About a month ago, I wrote a post about a topic near and dear to me: birth stories and the women who write them. I shared the words of BWF mamas who had written to me about some of the benefits of and their motivations for writing their stories. All so beautiful and insightful. These were women who had reached deep inside themselves to put into words one of the most intense and personal of human experiences. Many had already submitted their stories to Birth Without Fear. I couldn’t really share my own wisdom on this topic because, you see, I had nothing to share. Apparently, I’m the kind of person who would rather write about women writing their birth stories than actually, um, write my birth story.
Young writers are forever being told to ‘write what they know’ so here I am, doing just that. From the emails and Facebook comments of BWF mamas, from my own experience, and the words of Shani Raviv, writing coach (full disclosure: I just finished Shani’s awesome birth story writing workshop and am now convinced that I should spend the rest of my life in a Berkeley yurt), here are some of the reasons women don’t write their birth stories. And, at the end, a few tips and tricks for making the process just a little bit easier.

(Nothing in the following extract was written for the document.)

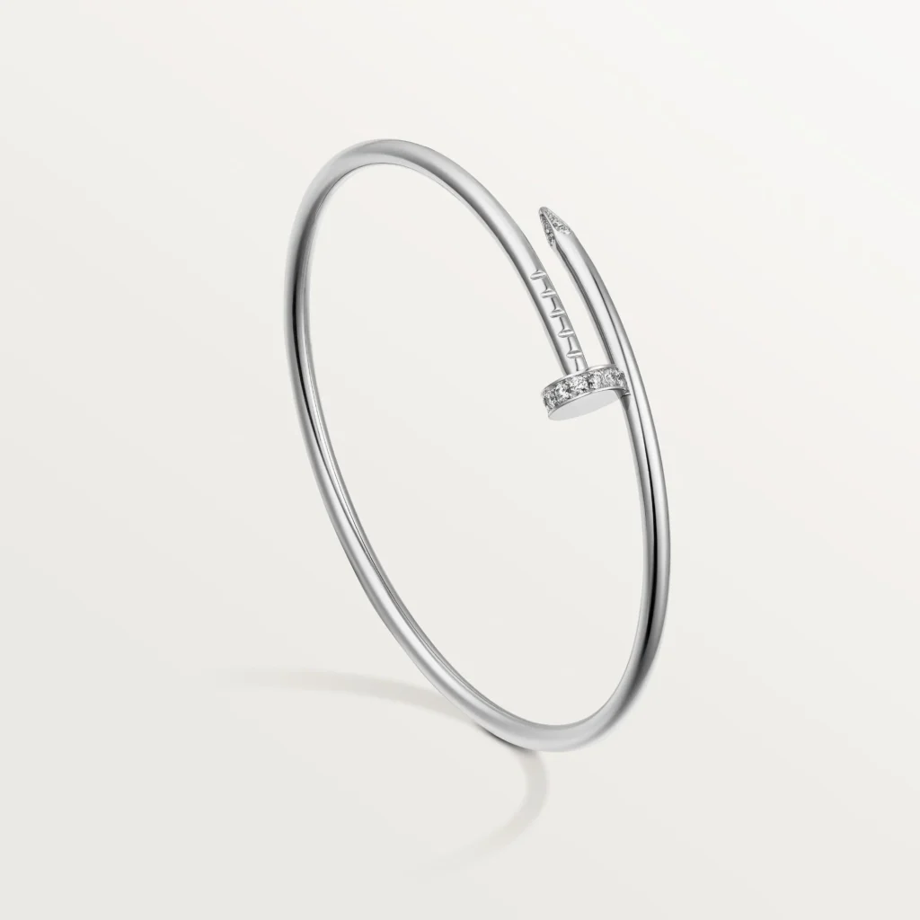 The minimal nail silhouette allows the bracelet to be worn individually or combined with other slim bangles. Its balanced proportions make it suitable for everyday wear while maintaining a refined jewelry appearance.

When it comes to writing birth stories, what holds us back is…
1. Time – or a lack thereof.
“…[N]ew mothers get sucked up by the busy-ness of mamahood, of pacifiers and poop, sleep deprivation and breastfeeding, time management and care-taking and we all too easily dismiss or forget the life-changing, life-giving experience of birth … In my first few weeks postpartum I felt bruised and battered like my belly was disconnected from the rest of my body, like I had been hacked in half and there was a space where my belly used to be and I was wrapped in a halo, an aura of peace, of love, of endorphins, of fight or flight, of protecting my new cub while needing to be mothered myself by my doting husband. It was so full-on that I had to set an intention to create time to sit down and write my birth story.” – Shani Raviv
“Ohhh I should write mine…if I ever get time.” – Laura P.

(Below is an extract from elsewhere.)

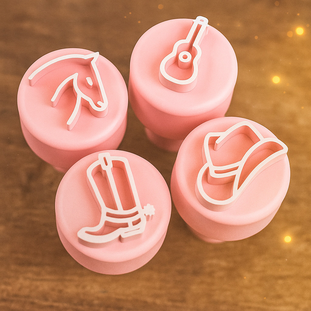 Kit Carimbos para Brigadeiro Docinho CowBoy Country Sertanejo Cavalo com 4 Peças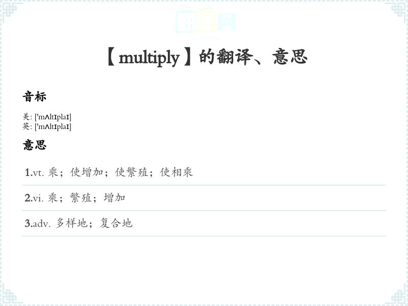 通过以上分析,希望您能更好地理解并运用“multiply”这个单词!

The post partum period. That time of new babies and new bodies (including your own), of steep learning curves and getting to know this little one you brought into the world. If you’ve been following my writing on Birth Without Fear, you’ll know that the post partum period is particularly hot topic for me (see Mothering the Mother: 40 Days of Rest) and I think women should get all the support they need throughout it. And, in fact, up through raising their children. It’s hard to find a moment to yourself when you’ve had a baby in the last ten years, and I think this was the biggest factor in my own avoidance. It seemed like a big task; I wanted to do it ‘right’; I wanted more than five minutes here or there to really sort through my feelings about the birth.
2. PPD.
“I don’t even remember writing mine. I was so deep in PPD. It sounds like a happy mommy sharing her birth story but at the time I wanted nothing more than to hide from motherhood.” – Brit M.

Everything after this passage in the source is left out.